During our absence the parish was deprived of all priests, and ministers brought from Germany were exercising pressure to coax or threaten the parishioners into going over to the German side. At the beginning of 1941, on the basis of a regulation of the occupation authorities, all churches, presbyteries, and parish houses were seized and given over for the possession and use by specially created German Augsburg Protestant parishes. Thus, there were two Augsburg Protestant parishes, one for a congregation of Poles, and the other one – Germans. The first existed based on the Polish provisions of law; the Germans did not acknowledge these provisions – which was inconsistent with the law – and demanded that we legalize this parish, submitting a relevant application with the German authorities. Yet, the Polish parish did not want to agree to that, believing that it already existed legally. Creation of a separate German parish was in breach of the law. The regulation confiscating our assets was also in breach of the provisions of law then in force, since according to the act on (the relation of the State to) the Augsburg Protestant Church in Poland, each person leaving the Church automatically lost the right to these assets.
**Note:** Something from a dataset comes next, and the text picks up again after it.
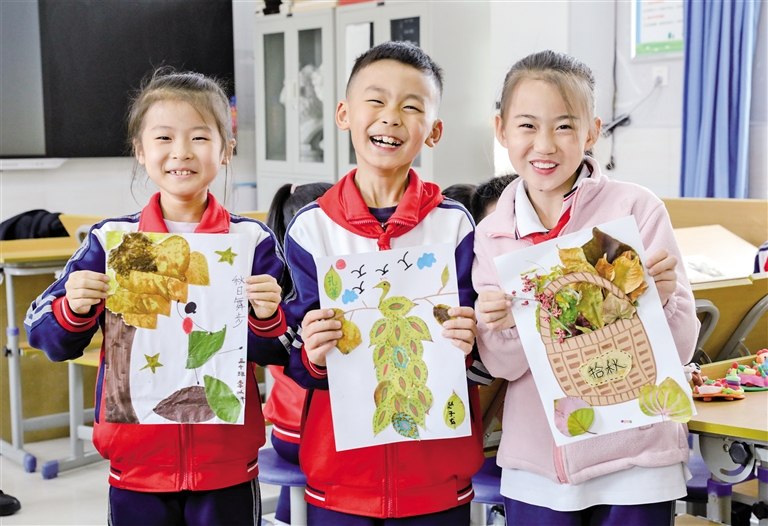10月30日,呼和浩特市玉泉区石东路小学学生展示自己制作的创意树叶画。当日,该校开展“创意树叶画 留住秋天美”主题教育活动,老师带领学生们将采集来的落叶进行绘画、修剪、拼装、粘贴,制作成一幅幅充满大自然气息的树叶画,在留住秋天美景的同时,也锻炼了学生们的动手能力和想象力。摄影/草原云·北方新报首席记者 牛天甲
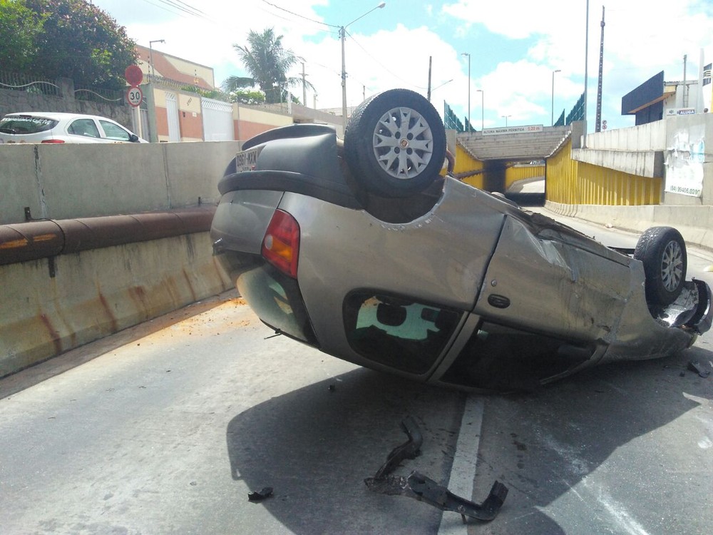 O acidente aconteceu na entrada do túnel que sai da Avenida Capitão-Mor Gouveia e dá acesso à avenida Prudente de Morais. Segundo informou o motorista, ele foi trancado por outro carro e subiu uma mureta, o que provocou o capotamento.

At the same time the Warsaw district authorities took away a part of the public charity facilities for the benefit of the German Augsburg Protestant parish (two larger facilities were taken over, two smaller ones were left alone). All allegedly German children were taken away from the orphanages under the management of the Protestant commune. This was done by the Warsaw district authorities. Children who did not even speak German were selected; it sufficed that even a distant family member was a Volksdeutsch. Already after this selection had been carried out, in 1942, Germans evacuated all healthy children from the orphanages, leaving only the sick and mentally disabled children; these children, although previously considered Polish, were sent to Germany to be Germanized.

All these regulations were issued by the Warsaw district governor and signed by relevant clerks. I am familiar with these matters, since – as a result of my family’s efforts – I was released from Oranienburg at the end of 1940, and after I returned to Warsaw, I was in direct touch with the head of the charity facilities of the Warsaw parishes.

As a result of the above-mentioned German regulations, the Augsburg Protestant Church was deprived of the capability to function properly, deprived of all of its Church authorities (there was no bishop, no consistory, no synod or seniors), since in 1940 all of these authorities were dissolved upon the regulation of Governor Frank, whereby the existence of the Church was made contingent upon the request for legalization to the German authorities, which we did not want to agree to, as I have already mentioned. Since the churches were taken away, the parishioners were not able to celebrate mass, so that in the entire Warsaw district, we celebrated mass in Polish only in Warsaw, and in the Reformed church on Leszno Street at that.

The Augsburg Protestant hospital was on the border of the ghetto, and was under compulsory administration of a Volksdeutsch [named] Hubert. In 1943 the district authorities ordered an evacuation of the hospital within twenty-four hours, without assigning a substitute location. This meant total destruction of the hospital. During the liquidation of the ghetto the hospital, in which there were many medical machines and tools, was blown up by the German authorities.